Twitter has a bit of a spambot problem. The issues has gotten so bad that follower counts have begun to mean very little – for every real person following you, there are 10 fake ones. So how do you find out if you have a case of the fake followers? Social Bakers, the social network analytics company, has come up with quick solution called “Fake Followers.”
Using the Web app is as easy and free. You enter in any Twitter account and hit the check button. The app will calculate for you three different percentages. The first is the percentage of “fake or empty” Twitter accounts. The second are the percentage of inactive accounts. The final number is the percentage of legitimate accounts.
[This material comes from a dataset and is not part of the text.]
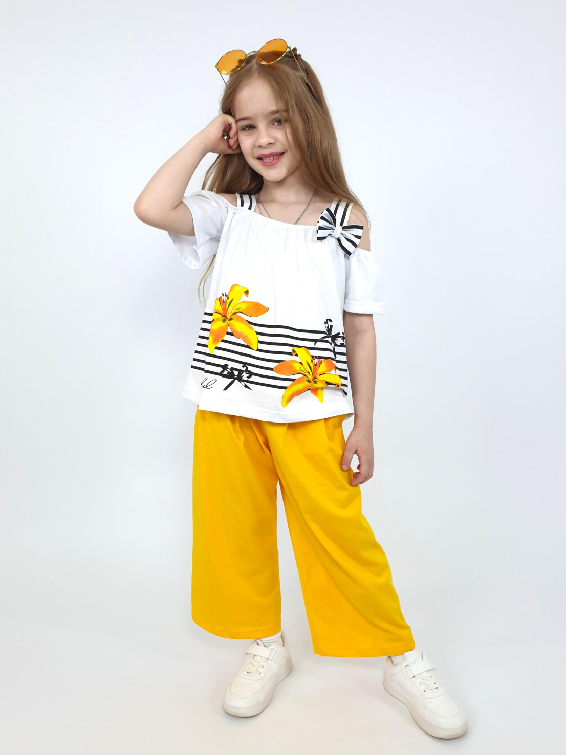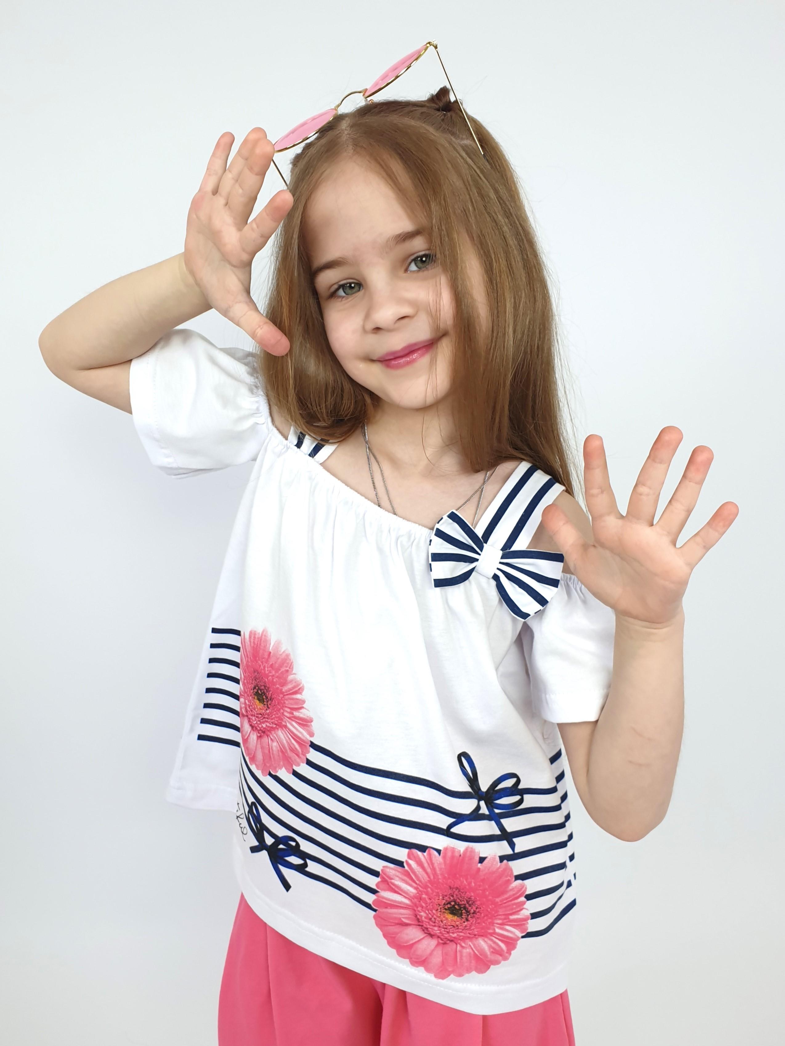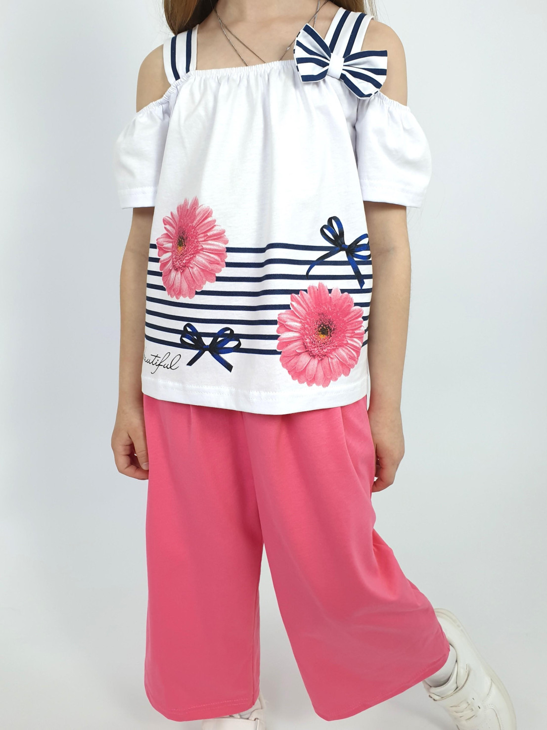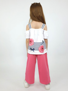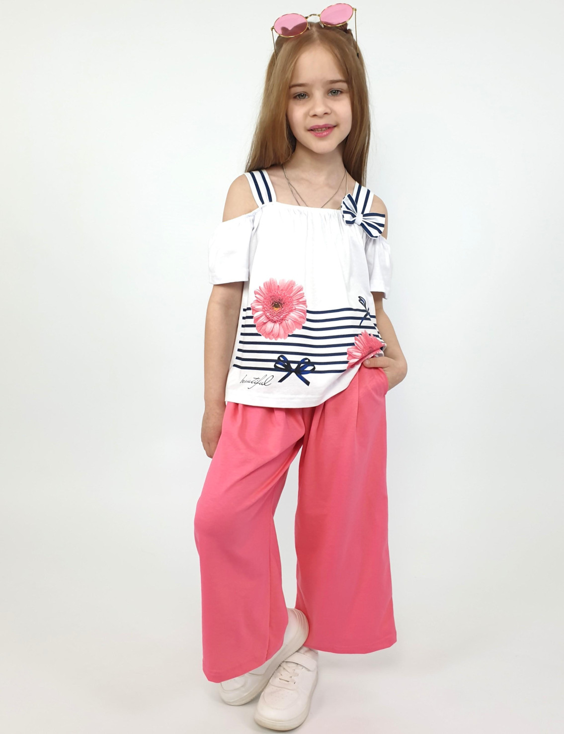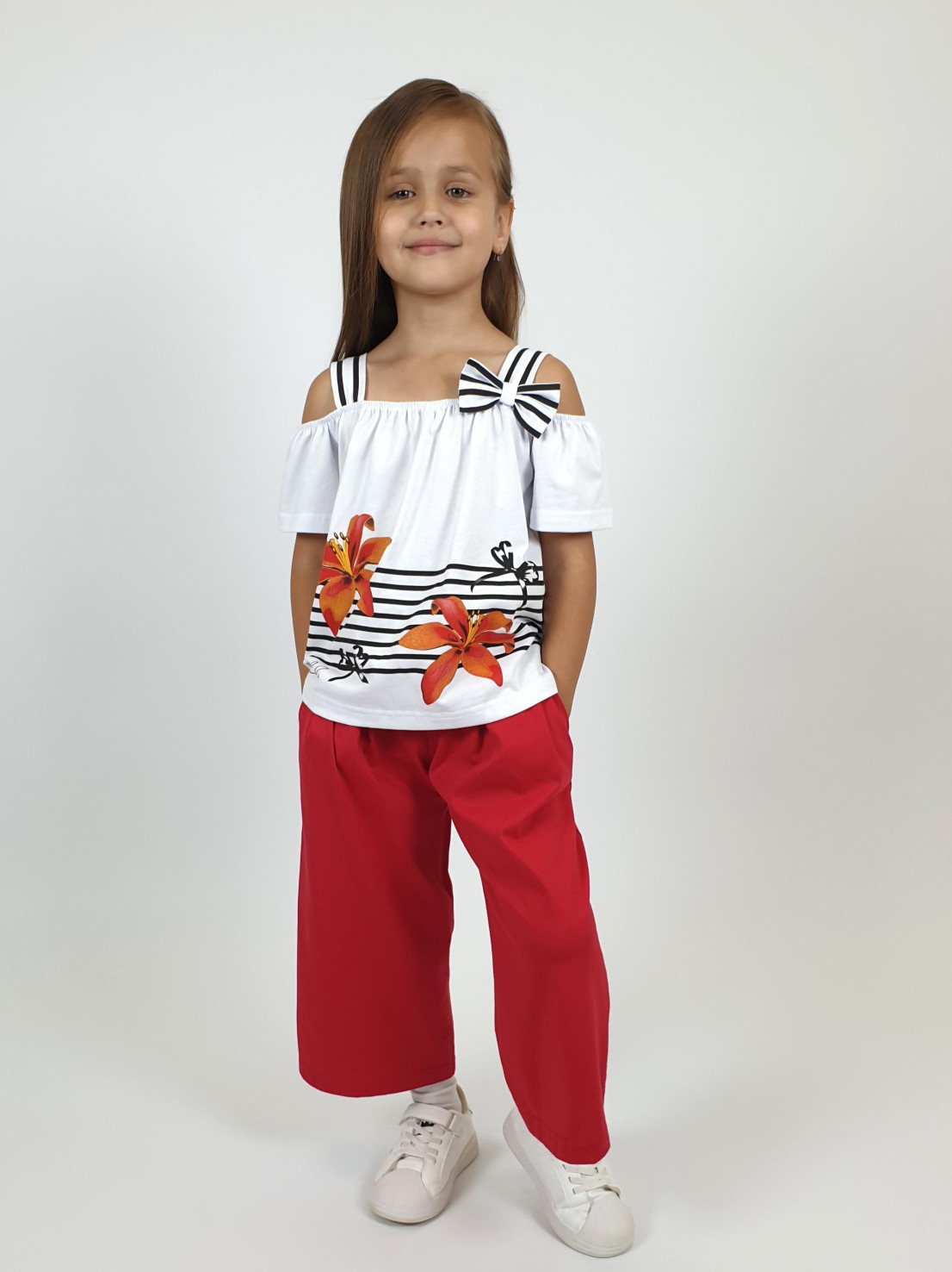 Комплект для девочки. Кулирное полотно: 100% х/б. Фуфайка-силуэт трапеция на бретелях,открытые плечи.Печать на переде,спинке,бретелях,банте.Вырез горловины обработан с резинкой. Отделочный бант с левой стороны.Низ изделия и рукава подшиты. Брюки-прямые,укороченные,мягкие встречные складки на переде.Притачной пояс с резинкой.

There’s a thriving underground market for false Twitter accounts. Malicious users will use the number of followers to appear authoritative, but legitimate users like your corporate brands and celebrities that have fake followers means that these users have a less commanding influence or reach. Social Bakers founder and CEO Jan Rezab explains the consequences of having fake followers. “Having a large number of fake followers affects the credibility of the user’s account. Take a brand for instance. Though, the brand may seem very popular because of the number of followers, it a large number of them are fake, it puts the validity of the popularity in question. Also, fake followers may overload a user’s account with scams, such as ‘the miracle diet’ or ‘work from home’ [offers].”
Celebrities and corporate accounts, Rezab tells me, tend to have a greater propensity for fake accounts. Take for example Justin Bieber’s Twitter account that has over 31 million followers, which has a proportionately lower percentage of “good” accounts. 27 percent are fake or empty, 12 percent are inactive, while 61 percent are “good.” Breaking this down, with 31,127,591 followers at the time of this writing, “Fake Followers” is estimating that in reality Justin Bieber has 18,987,830 actual followers (plus or minus 4.6 million users taking into consideration a 15 percent deviation).
But because the app is in beta mode at the moment, it takes a random sample of 2,000 users and calculates the percentages based on this limited sample group. For now, Fake Followers promises a 10-15 percent standard deviation (inaccuracy), but that should shrink as Social Bakers enables larger sample sizes. The app is being constantly fine tuned, Rezab says. But defending the current app he adds, “As far as brands and/or celebrities etc. are concerned, if users are finding a high number of fake followers from their sample, this [sample size] number should suffice. Also, this is a beta and we intend to improve it every day.”